§ TASK REQUIREMENTS
Make an exact copy, without pictures, of the lines below from the one containing "Una vez conseguida" to the last line, both ends included.

§ TASK MATERIAL

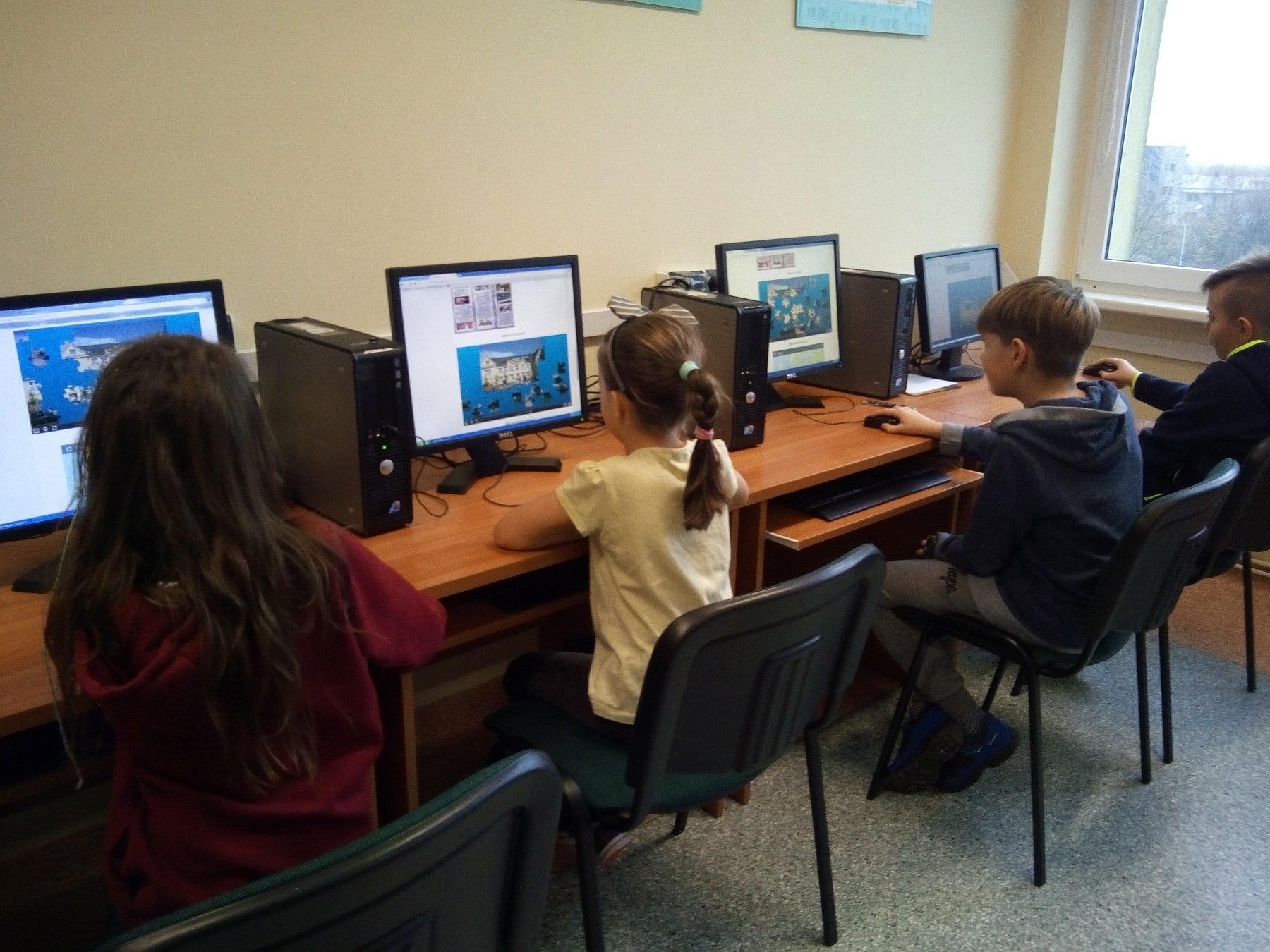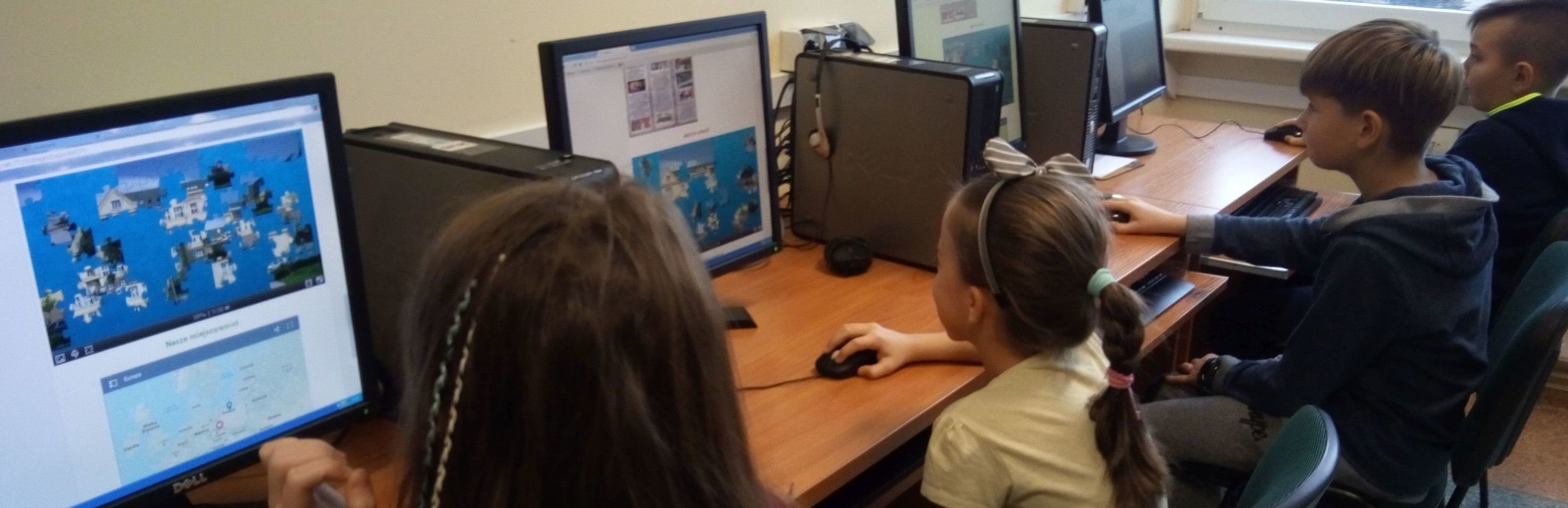 Układamy puzzle wykonane przez partnerów i odgadujemy, jakie to szkoły.
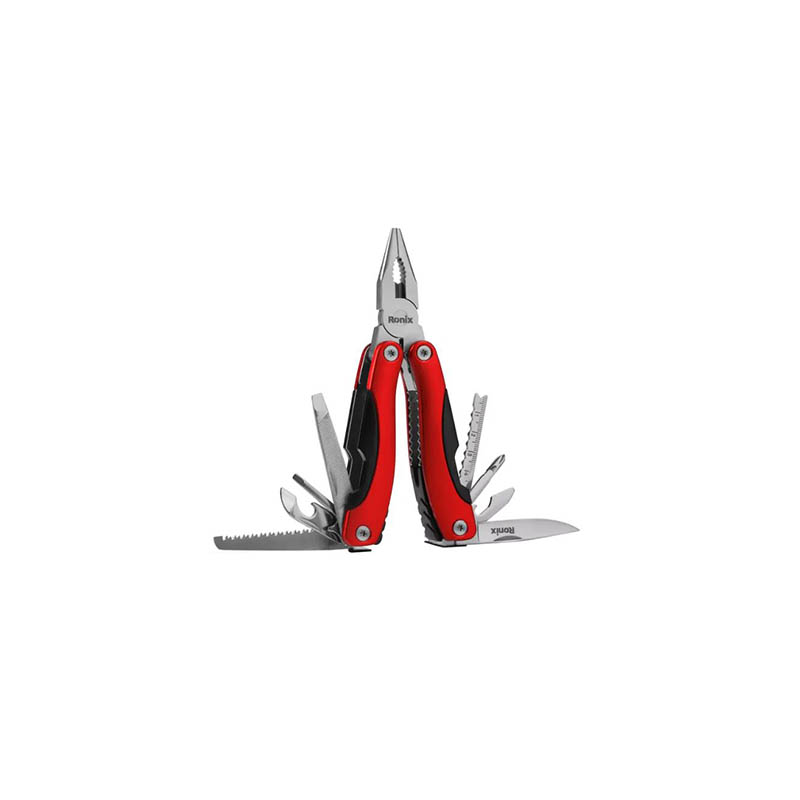 انبر تاشو رونیکس RH-1191 در حالت بسته تنها ۱۰۰ میلیمتر طول و حدود ۲۳۸ گرم وزن دارد، بنابراین بهراحتی در جیب، کیف ابزار یا کیف همراه خود قرار میگیرد. این ابزار شامل مجموعهای کامل از ابزارهای ضروری است، از جمله انبر نوکباریک، سیمچین، چاقو، اره، سوهان، دربازکن بطری، دربازکن کنسرو، خطکش کوچک، و انواع پیچگوشتی تخت و چهارسو. هر یک از ابزارها بهصورت تاشو درون دسته جای گرفتهاند و با مکانیزم قفل ایمن، هنگام استفاده یا حمل، کاملاً محکم و بدون خطر باز شدن ناگهانی در جای خود ثابت میمانند.
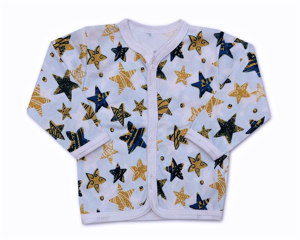 kabátek je ideální pro nejmenší miminka, vyroben ze super jemné kvalitní bavlny, která nedráždí pokožku dítěte. Praktické zapínání na baby druky po celé délce uprostřed. Vzor modré a zlaté hvězdy, bílé lemování.
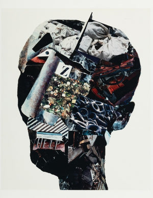 Anne Sager (American, 1930-2024), "Angst", Chromogenic Print on Paper, photo collage composition in the silhouette of a person's head, with artist's estate stamp to verso, unframed. Image: 20" H x 16.5" W; sheet: 22" H x 17" W. Provenance: From a 35 East 75th Street Estate. Keywords: Photography, Prints, Multiples, Figural, Help, Trash, Garbage, Junkyard, Environmentalism, Green, Eco friendly, Abstract, Abstraction, Women Artists, Contemporary Art
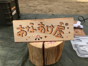 色塗りをした後は『あなあけ屋』と『くっつけ亭』で穴を開けてもらったり、木端と木端をくっつけてもらいました♪
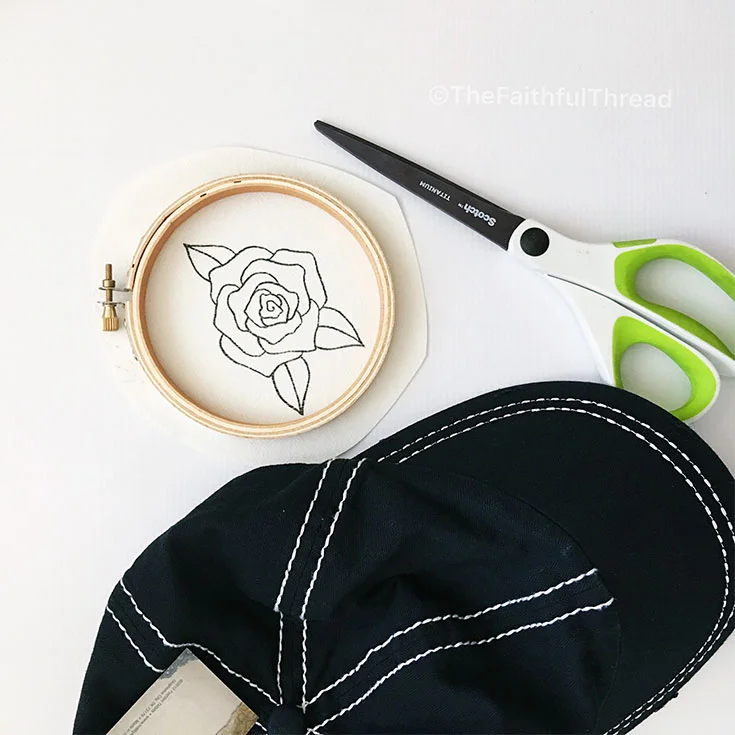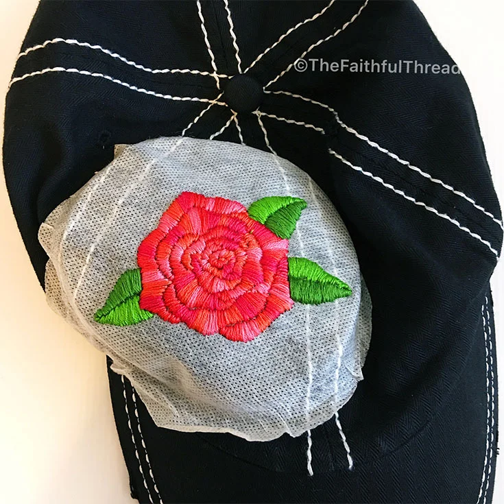 3. Remove the sticky back and position the design on your hat, making sure it’s not too close to the visor that you can’t fit the hoop. You can certainly embroider without the hoop, but I found that the final result looks much better using the hoop.
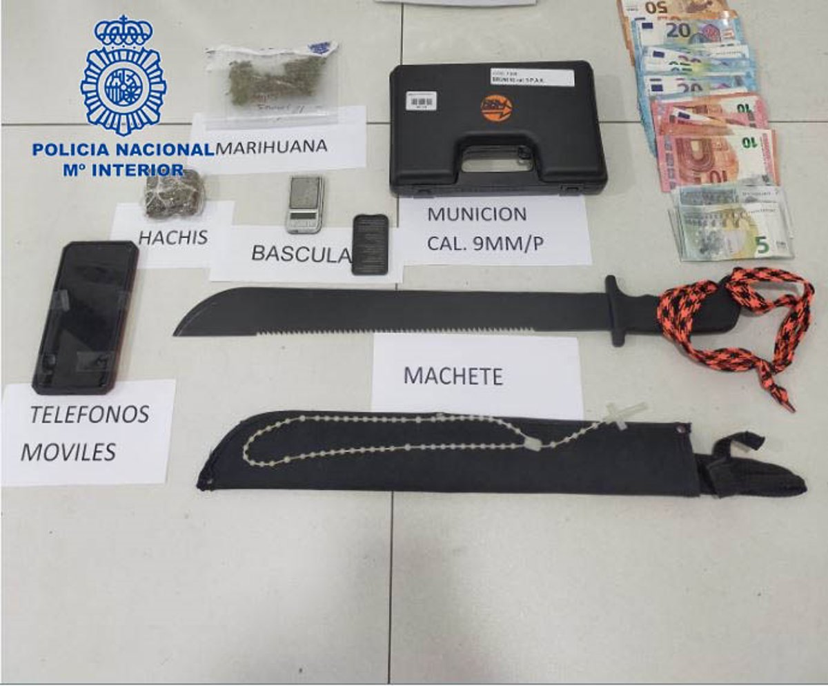 Una vez conseguida la información necesaria, y con la preceptiva autorización Judicial, se realizó un registro domiciliario en la céntrica avenida Hernán Cortes de Cáceres, donde se han intervenido 65 gramos de hachís, 12 gramos de marihuana, la caja de un arma de fuego conteniendo munición, un "machete" de 50 centímetros de hoja, una bascula de precisión, un teléfono móvil, trozos de recortes de plástico para la confección de las dosis de las distintas sustancias, que posteriormente se sacarían a la venta y 705 euros en billetes fraccionados.
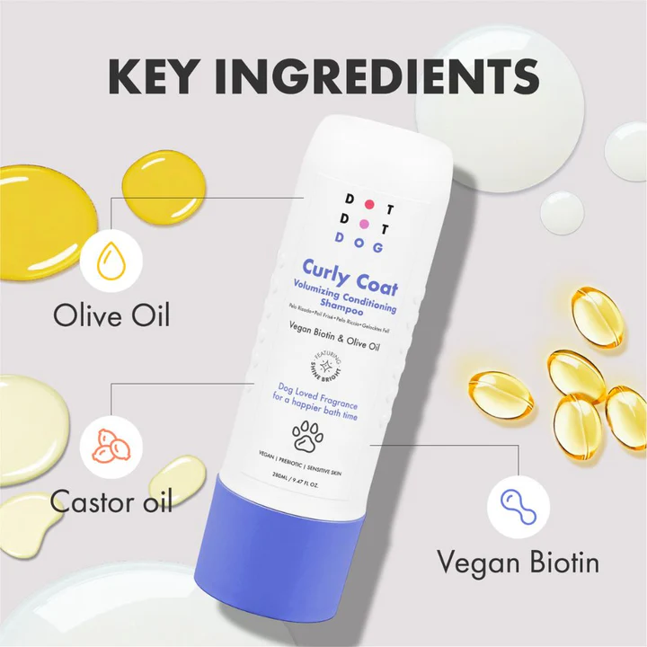 Curly coats vragen om extra zorg – deze shampoo is verrijkt met vegan biotine en olijfolie om de vachtstructuur te versterken en de krullen te hydrateren zonder ze te verzwaren. Hierdoor worden klitten voorkomen, blijft de vacht soepel en is deze makkelijker doorkambaar, ook op lastigere plekken zoals achter de oren of onder de poten.
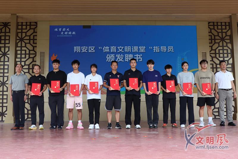 活動現場還為首批10名體育文明課堂指導員頒發聘書,并為翔安區“體育文明課堂”文明實踐服務隊、體育文明網絡觀察隊授旗,以及為“體育文明課堂教學點”授牌,標志著廈門市體育文明課堂試點工作正式落地。

§ EXERCISE SOLUTION
 Una vez conseguida la información necesaria, y con la preceptiva autorización Judicial, se realizó un registro domiciliario en la céntrica avenida Hernán Cortes de Cáceres, donde se han intervenido 65 gramos de hachís, 12 gramos de marihuana, la caja de un arma de fuego conteniendo munición, un "machete" de 50 centímetros de hoja, una bascula de precisión, un teléfono móvil, trozos de recortes de plástico para la confección de las dosis de las distintas sustancias, que posteriormente se sacarían a la venta y 705 euros en billetes fraccionados.
 Curly coats vragen om extra zorg – deze shampoo is verrijkt met vegan biotine en olijfolie om de vachtstructuur te versterken en de krullen te hydrateren zonder ze te verzwaren. Hierdoor worden klitten voorkomen, blijft de vacht soepel en is deze makkelijker doorkambaar, ook op lastigere plekken zoals achter de oren of onder de poten.
 活動現場還為首批10名體育文明課堂指導員頒發聘書,并為翔安區“體育文明課堂”文明實踐服務隊、體育文明網絡觀察隊授旗,以及為“體育文明課堂教學點”授牌,標志著廈門市體育文明課堂試點工作正式落地。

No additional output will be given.